Items from a data source ::
+-------+

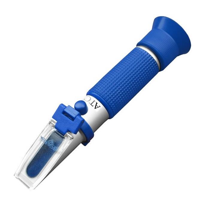 Kalibrasyon : Şeffaf kapağı kaldırıp camın üzerine 2-3 damla saf su damlatıp kapatın. Saf suyun hava kabarcığı olmadan bütün cam yüzeyini kaplaması gerekir. 30 saniye sonra şeffaf kapak ışık yönünde olacak şekilde mercekten bakın. Üst tarafı mavi alt tarafı beyaz olan bir çizgi göreceksiniz. Çizgi sıfır hizasına gelinceye kadar tornavida ile cihazın üzerindeki vidayı çevirin.
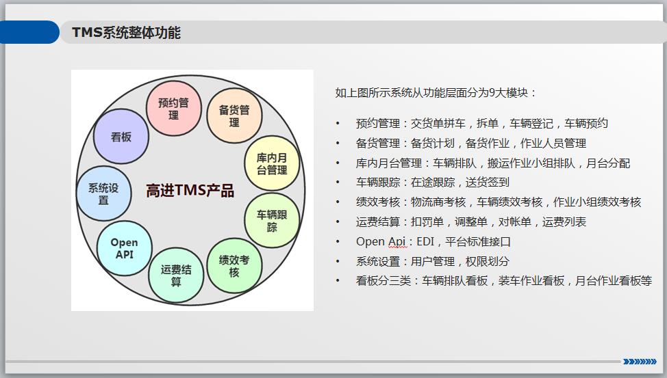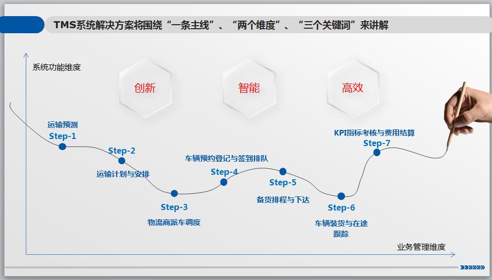 依據(jù)物流構(gòu)想,借助功能完善及軟件集合建立TMS運(yùn)輸管理系統(tǒng),使用訂單執(zhí)行監(jiān)控形成完整的信息流。通過(guò)多種方法和其他相關(guān)的操作一起提高物流的管理能力;包括管理裝運(yùn)單位,指定企業(yè)內(nèi)、外的發(fā)貨計(jì)劃,管理運(yùn)輸模型、基準(zhǔn)和費(fèi)用,維護(hù)運(yùn)輸數(shù)據(jù),生成提單,優(yōu)化運(yùn)輸計(jì)劃,選擇承運(yùn)人及服務(wù)方式,招標(biāo)和投標(biāo),審計(jì)和支付貨運(yùn)賬單,處理貨損索賠,安排勞力和場(chǎng)所,管理文件和管理第三方物流。
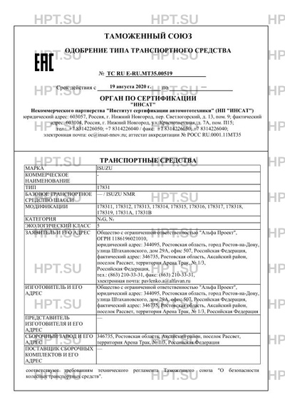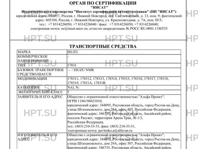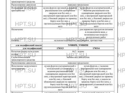 | Тип ТС | Транспортные средства изготавливаются на базе шасси модификаций: NMR85Е, NMR85Н… |
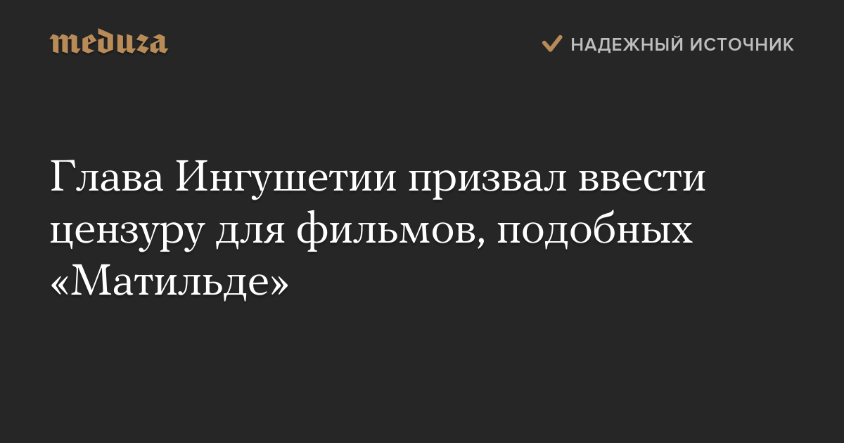 Глава Ингушетии призвал ввести цензуру для фильмов, подобных «Матильде»
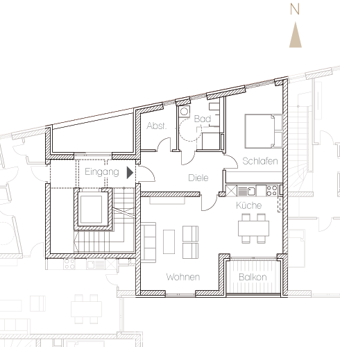 Der Grundriss der Nord-Süd ausgerichteten Wohnung mit herrlichem Südbalkon bietet auf 33 m² Platz für Wohnzimmer und Küche.
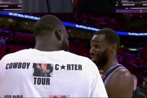 賽后,追夢和維金斯寒暄,庫里也和阿德巴約聊聊。
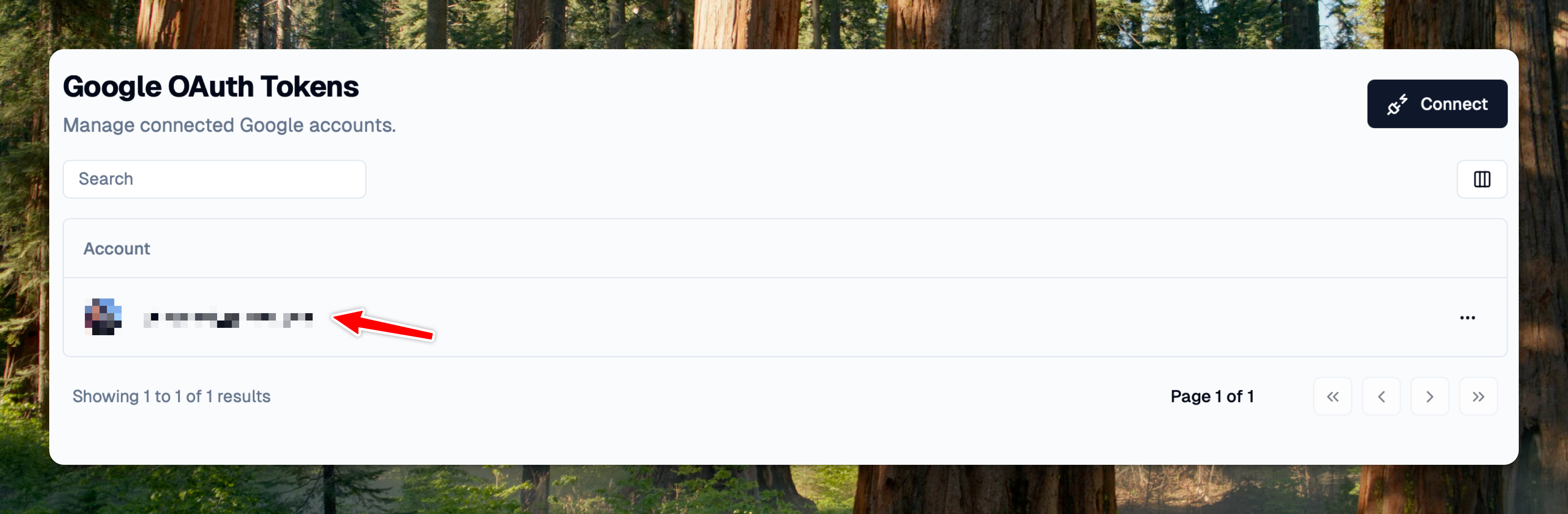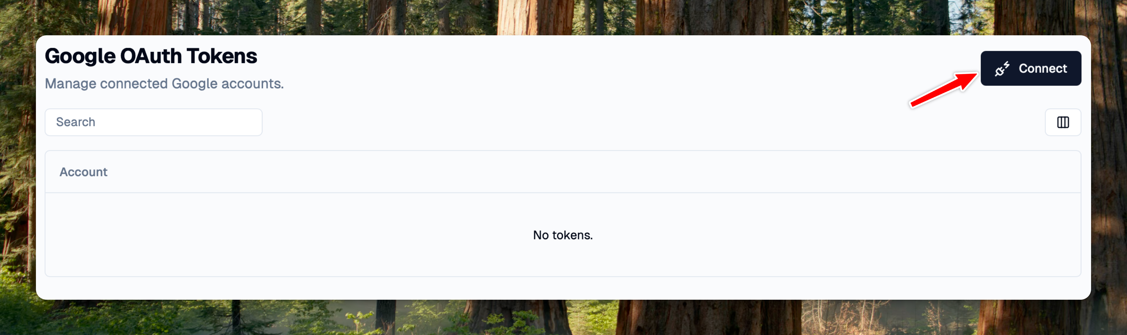 Click the "**Connect**" button in the top-right corner of the Google OAuth Tokens page.
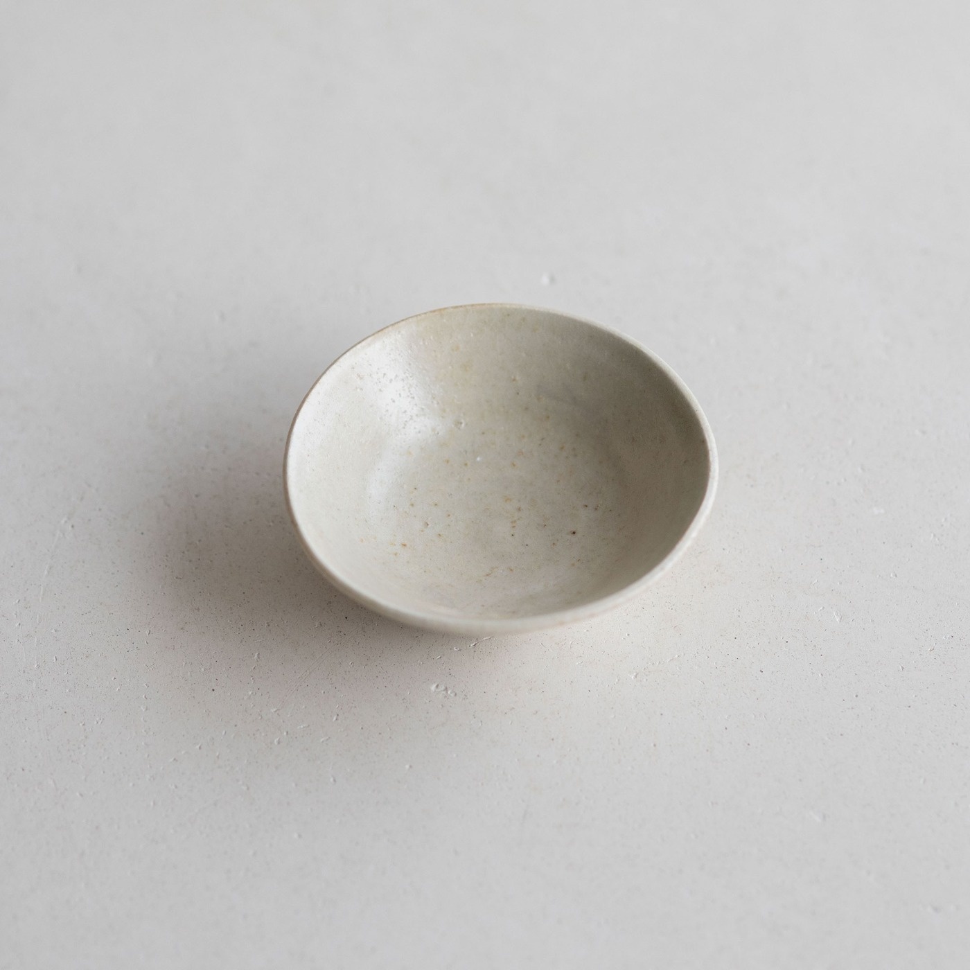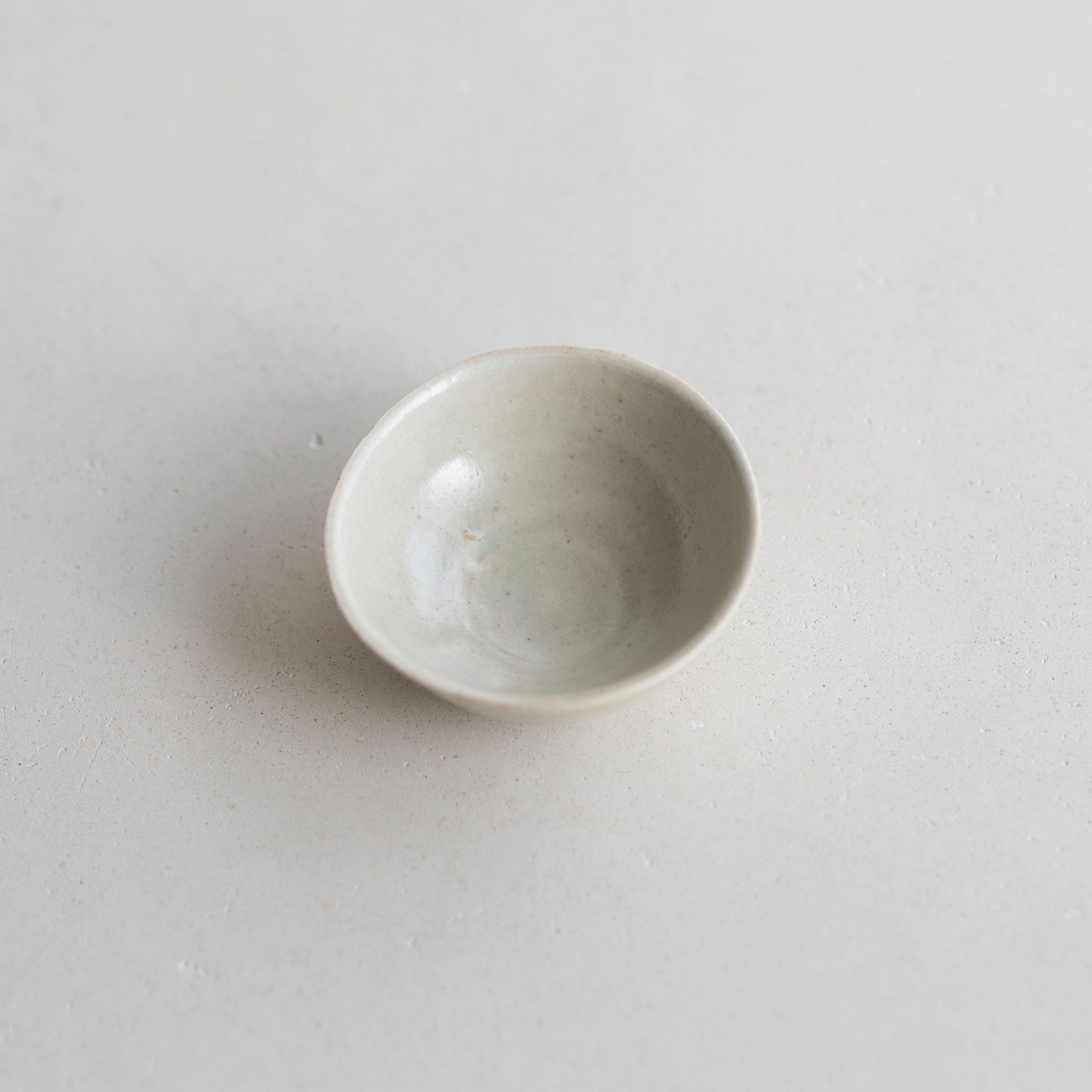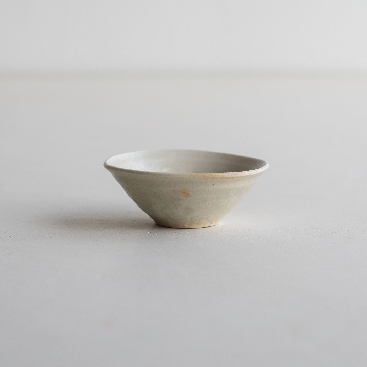 山本亮平さんの染付と赤絵付がうっすら見える平坏を2個重ねたセットです。平坏は全体的にマットな枯れ色の雰囲気で、赤絵の橙色がかったところがきれいに映えます。2個を重ねて収める酒器袋は、インドのカンタ刺繍の木綿。内側の布にもインドの型染めの木綿を使用していて、緒は若竹色の絹。酒器袋に収めるのも取り出すのもたのしくなります。酒器袋はtextile n+R の制作です。

+-------+

Exercise objective ::
With the pictures left out, output the lines from the one containing "Der Grundriss der" through the last line of the records above, exactly as they are.

Solution for this problem ::
 Der Grundriss der Nord-Süd ausgerichteten Wohnung mit herrlichem Südbalkon bietet auf 33 m² Platz für Wohnzimmer und Küche.
 賽后,追夢和維金斯寒暄,庫里也和阿德巴約聊聊。
 Click the "**Connect**" button in the top-right corner of the Google OAuth Tokens page.
 山本亮平さんの染付と赤絵付がうっすら見える平坏を2個重ねたセットです。平坏は全体的にマットな枯れ色の雰囲気で、赤絵の橙色がかったところがきれいに映えます。2個を重ねて収める酒器袋は、インドのカンタ刺繍の木綿。内側の布にもインドの型染めの木綿を使用していて、緒は若竹色の絹。酒器袋に収めるのも取り出すのもたのしくなります。酒器袋はtextile n+R の制作です。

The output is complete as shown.